Content engineering can help address content challenges that fairly typical organizations face:

- Siloed content supply chains
- Duplicate content in a myriad of formats
- Inefficient content authoring workflows
- Chunky, unstructured content
- Outdated technology
- Technology in place does not match needs
- Inability to reuse content across channels (multi-channel content)
- Metadata and schema are not used
- Lack of standards for metadata
- Lack of findability of content for internal and external use
- Poor SEO performance
- Inability to implement personalization

== Key skills ==
Content engineering draws on a combination of technical, strategic, and editorial competencies. Practitioners typically require proficiency across several domains:

=== Content modeling and information architecture ===
Content engineers design structured content models that define how content is created, stored, and distributed. This includes building taxonomies, ontologies, and metadata schemas that enable content reuse across channels and platforms.

=== Structured content and markup languages ===
Proficiency in XML, JSON, HTML, and schema.org markup is fundamental. Content engineers use these languages to structure content for machine readability, search engine optimization, and interoperability between systems.

=== Content management systems and platforms ===
Content engineers require working knowledge of content management systems (CMS), digital experience platforms (DXP), and headless CMS architectures. This includes configuring content types, workflows, and publishing pipelines within these systems.

=== Workflow design and automation ===
Designing and implementing content workflows - from authoring through review, approval, and distribution - is a core function. Increasingly, this involves configuring AI-assisted and agentic workflows that automate research, drafting, repurposing, and distribution tasks at scale.

=== Content strategy and editorial understanding ===
Unlike purely technical roles, content engineering requires a working understanding of content strategy, brand management, editorial standards, and audience analysis. Content engineers must translate strategic objectives into technical content structures and system configurations.

=== API integration and data interoperability ===
Content engineers work with APIs to connect content systems, analytics platforms, distribution channels, and third-party services. Understanding how content flows between systems is essential for enabling multi-channel publishing and content personalization.

=== Analytics and performance measurement ===
Measuring content effectiveness through web analytics, SEO performance data, and engagement metrics informs how content engineers refine structures, metadata, and distribution workflows.

== The role of a content engineer ==
Content engineers bridge the divide between content strategists and producers and the developers and content managers who publish and distribute content.

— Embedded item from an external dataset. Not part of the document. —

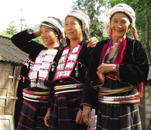 德昂族以藤飾為美,這種習俗從古沿襲至今,集中表現(xiàn)在婦女腰間纏著的幾十圈精致的藤篾腰箍。

But rather than simply wedging themselves between these players, content engineers help define and facilitate the content structure during the entire content strategy, production and distribution cycle from beginning to end.

As the role has evolved, content engineers are increasingly expected to build and manage AI-powered content systems, moving beyond traditional CMS configuration into agentic workflows that automate content research, production, and distribution.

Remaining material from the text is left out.